▸ Exercise material
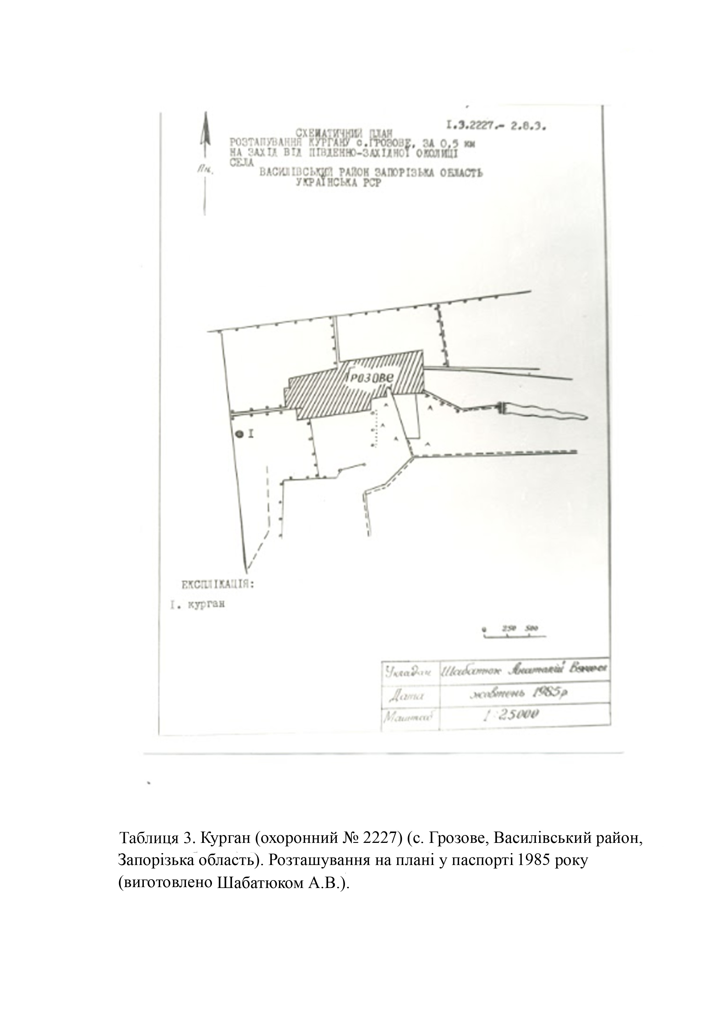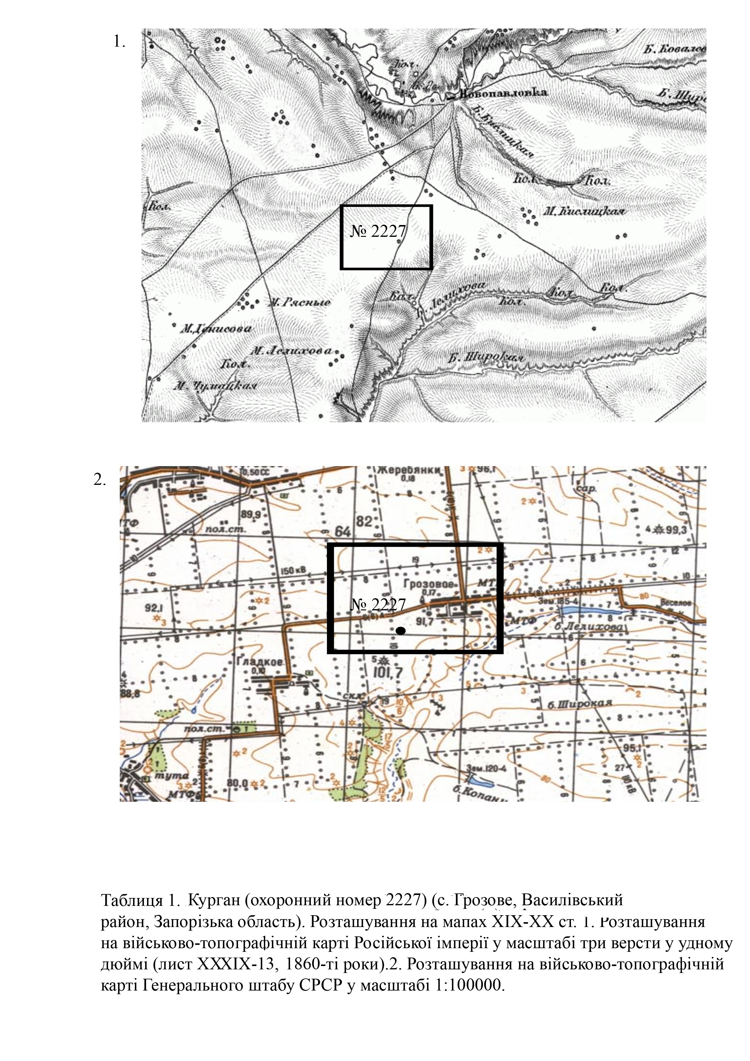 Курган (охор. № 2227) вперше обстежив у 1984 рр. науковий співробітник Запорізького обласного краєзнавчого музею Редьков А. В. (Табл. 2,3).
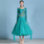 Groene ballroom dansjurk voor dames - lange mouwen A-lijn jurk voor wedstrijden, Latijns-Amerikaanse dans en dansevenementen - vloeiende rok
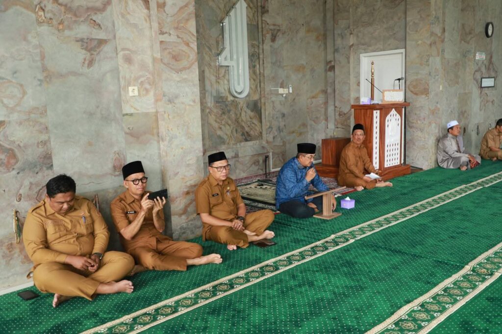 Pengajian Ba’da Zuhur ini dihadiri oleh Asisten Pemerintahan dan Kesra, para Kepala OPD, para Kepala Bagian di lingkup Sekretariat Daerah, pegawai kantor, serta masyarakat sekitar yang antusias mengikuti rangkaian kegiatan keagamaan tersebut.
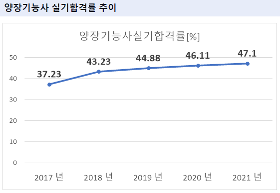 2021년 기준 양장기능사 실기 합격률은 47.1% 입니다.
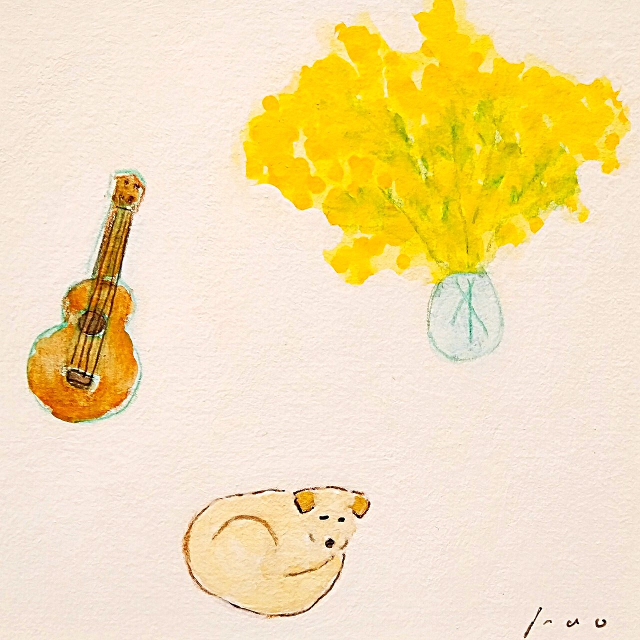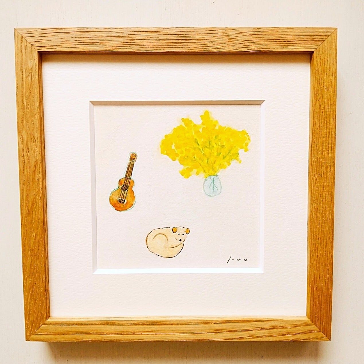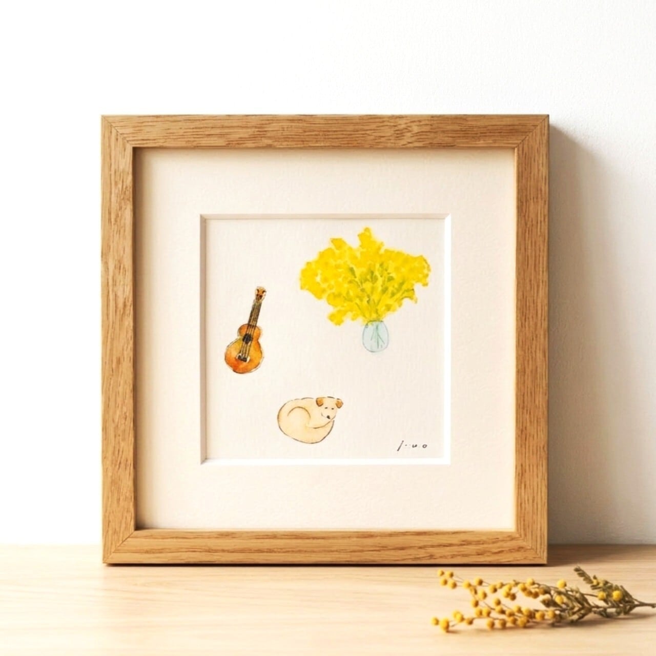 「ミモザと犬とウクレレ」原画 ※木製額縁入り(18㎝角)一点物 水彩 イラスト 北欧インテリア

▸ Instructions to follow
The entries are to be written out again exactly, without their pictures.

▸ Task result
 Курган (охор. № 2227) вперше обстежив у 1984 рр. науковий співробітник Запорізького обласного краєзнавчого музею Редьков А. В. (Табл. 2,3).
 Groene ballroom dansjurk voor dames - lange mouwen A-lijn jurk voor wedstrijden, Latijns-Amerikaanse dans en dansevenementen - vloeiende rok
 Pengajian Ba’da Zuhur ini dihadiri oleh Asisten Pemerintahan dan Kesra, para Kepala OPD, para Kepala Bagian di lingkup Sekretariat Daerah, pegawai kantor, serta masyarakat sekitar yang antusias mengikuti rangkaian kegiatan keagamaan tersebut.
 2021년 기준 양장기능사 실기 합격률은 47.1% 입니다.
 「ミモザと犬とウクレレ」原画 ※木製額縁入り(18㎝角)一点物 水彩 イラスト 北欧インテリア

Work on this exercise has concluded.